1. Summary
This document specifies an updated Public Key Cryptography for Initial
Authentication in Kerberos (PKINIT, rfc4556) which is not dependent on
SHA-1. In particular, it describes negotiation for Key Derivation
Functions, and includes test vectors for these schemes.
This is a Standards Track document since its core goal is to update
PKINIT, which is a standard part of Kerberos implementations.
Accordingly, it updates rfc4556 (PKINIT), which is Standards Track.
Robbie Harwood is the document shepherd. Benjamin Kaduk is the
responsible Area Director.
2. Review and Consensus
There is consensus for this document, which improves Kerberos's ability to
handle compromise of cryptographic algorithms. Having options other than
SHA-1 for PKINIT is noncontroversial within the working groups; this
document defines SHA-256, SHA-512, and SHA-384 as additional
possibilities, and assigns additional Object Identifiers for them.
This document has been around for quite a long time, originally part of
krb-wg before being taken up by kitten in the re-charter. Implementations
have existed in both MIT krb5 and Heimdal since 2011 and 2008,
respectively. Most shaping review happened under krb-wg, but those
contributors are also participants in kitten.
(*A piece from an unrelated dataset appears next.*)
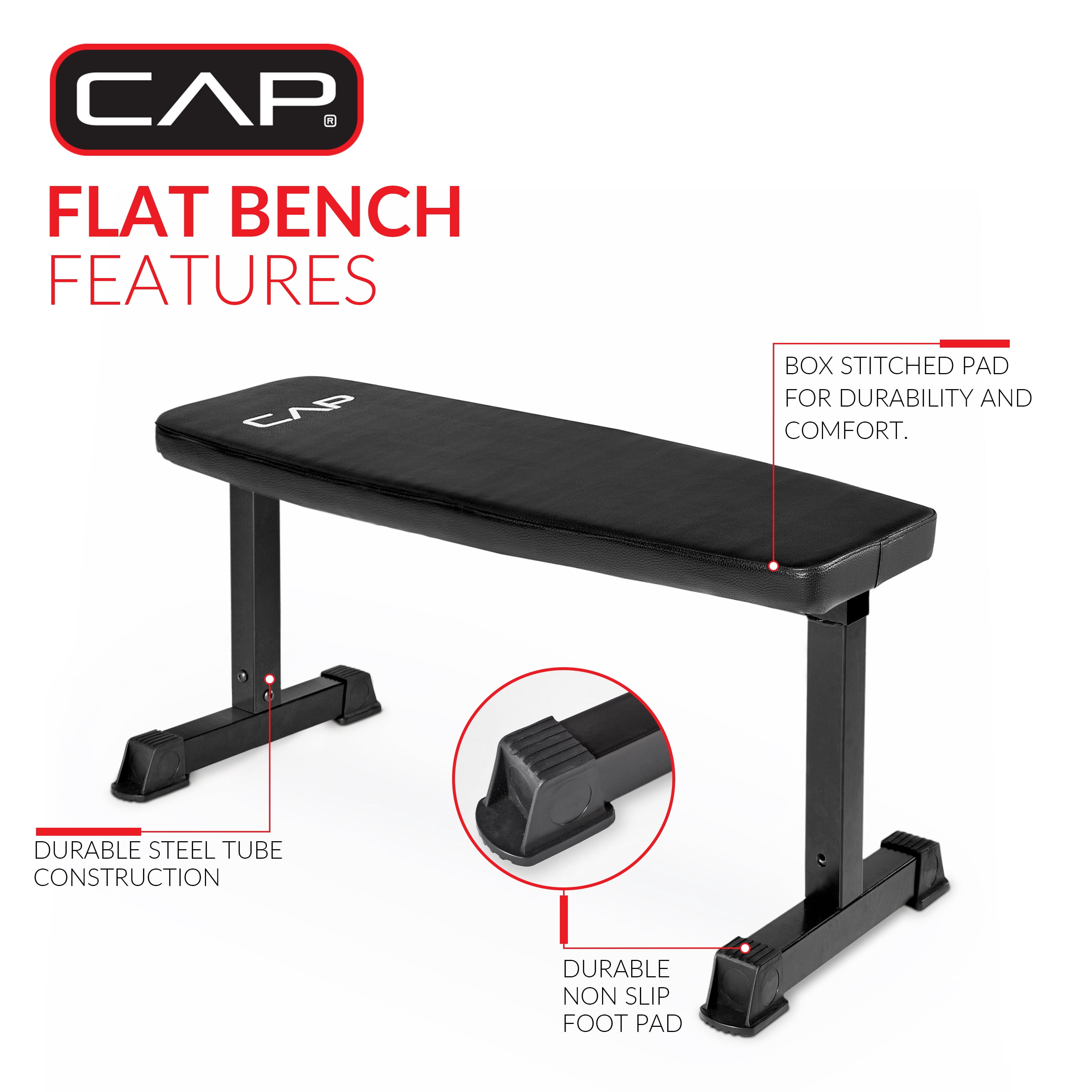 The CAP Strength Flat Weight Bench is a safe, simple and effective tool for nearly any exercise program. This workout bench features a powder-coated, tubular steel frame, with a thickly padded boxed stitched surface for strong, durable and comfortable use. The flat workout bench is ideal for not only dumbbell exercise but also for tubing or band exercises and most body weight exercises. This bench only takes a few minutes to assemble and is built for years of use.

During drafting, there were concerns that using an unknown well-known
principal name together with PKINIT agility would cause an error code
overlap, despite there being no known shipped implementations.
Conservatively, the error code was reassigned. We also spent time on
thinking through our ASN.1, and making sure the appendix module was
all-inclusive.
This document received review and/or implementation from a significant
number of working group contributors. Two implementations (which can
reproduce test vectors) have proved stable and manageable in production
environments, and no unaddressed issues have been reported from any others
that might exist. In an ideal world it would have been published much
sooner, but has been repeatedly deprioritized in favor of other work.
3. Intellectual property
There are no intellectual property disclosures against this document, and
all three authors (and editor) have confirmed compliance with BCPs 78
and 79. Since this document contains contributions from before 2008, it
may not be modified outside the IETF Standards Process.
4. Other information
The IANA considerations are simple: rfc6113 previously created a registry
with entries reserved for this document (hence the "missing reference"
from idnits). This document requests said entries be updated to point to
this document.
rfc6234 is cited normatively, which also flags idnits. However, it is
already present in the Downref Registry.